To investigate the signal‐to‐noise performance of PI and HSRI, a PP plate was mounted at 15 m and measured with the systems. Both instrumentations work in a pulsed and time‐gated mode, meaning that after a laser pulse is emitted, a trigger signal is sent to the camera. After a set time delay of typical a few hundreds of nanoseconds (depending on the sample‐telescope distance), the gate of the intensifier is opened for 5 ns.
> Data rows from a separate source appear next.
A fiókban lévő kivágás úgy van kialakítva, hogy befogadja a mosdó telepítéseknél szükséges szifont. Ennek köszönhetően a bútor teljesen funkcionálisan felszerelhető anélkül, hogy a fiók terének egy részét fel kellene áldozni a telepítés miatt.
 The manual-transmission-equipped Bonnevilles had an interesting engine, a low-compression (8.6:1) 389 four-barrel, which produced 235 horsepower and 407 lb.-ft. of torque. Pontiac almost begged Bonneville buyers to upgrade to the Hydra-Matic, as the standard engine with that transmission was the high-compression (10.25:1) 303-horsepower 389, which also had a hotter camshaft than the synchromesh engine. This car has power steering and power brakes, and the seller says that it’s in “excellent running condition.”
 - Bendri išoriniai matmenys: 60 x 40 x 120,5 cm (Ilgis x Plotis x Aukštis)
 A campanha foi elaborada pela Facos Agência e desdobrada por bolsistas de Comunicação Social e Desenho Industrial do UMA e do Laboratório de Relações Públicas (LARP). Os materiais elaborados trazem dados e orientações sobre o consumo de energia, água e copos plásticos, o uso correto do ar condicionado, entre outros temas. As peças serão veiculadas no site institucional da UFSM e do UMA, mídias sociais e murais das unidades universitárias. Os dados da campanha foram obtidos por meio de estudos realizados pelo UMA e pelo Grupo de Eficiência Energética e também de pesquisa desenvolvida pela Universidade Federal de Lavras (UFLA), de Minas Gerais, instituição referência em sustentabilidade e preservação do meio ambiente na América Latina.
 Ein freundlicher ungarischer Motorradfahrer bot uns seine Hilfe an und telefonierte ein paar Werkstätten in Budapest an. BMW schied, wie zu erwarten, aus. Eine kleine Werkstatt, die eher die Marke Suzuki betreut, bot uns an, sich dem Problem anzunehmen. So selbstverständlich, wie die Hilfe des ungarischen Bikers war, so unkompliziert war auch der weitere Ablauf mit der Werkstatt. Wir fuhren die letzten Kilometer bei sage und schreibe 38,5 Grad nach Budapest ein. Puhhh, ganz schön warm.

This way, otherwise, interfering light sources can be suppressed, and the Raman signal from the sample can be maximized. The SNR in this study was calculated by using the mean intensity between 2,890 and 2,905 cm−1 (at the center of the C–H stretch vibrational band) divided by the standard deviation between 3,090 and 3,200 cm−1 (baseline noise). When only one‐shot measurements are performed, spectra tend to be of low quality as can be observed in Figure 4a. Therefore, usually more than one pulse is accumulated on the CCD in order to increase the SNR. With increasing number of accumulations, the quality of the spectra improves considerably.
Figure 4

(a) Spectra of polypropylene acquired with the pointwise imaging system for two different number of accumulations with calculated signal‐to‐noise ratios (SNRs). (b) Signal to noise for both setups over the number of accumulations, that is, acquisition time. HSRI, hyperspectral Raman imaging [Colour figure can be viewed at wileyonlinelibrary.com]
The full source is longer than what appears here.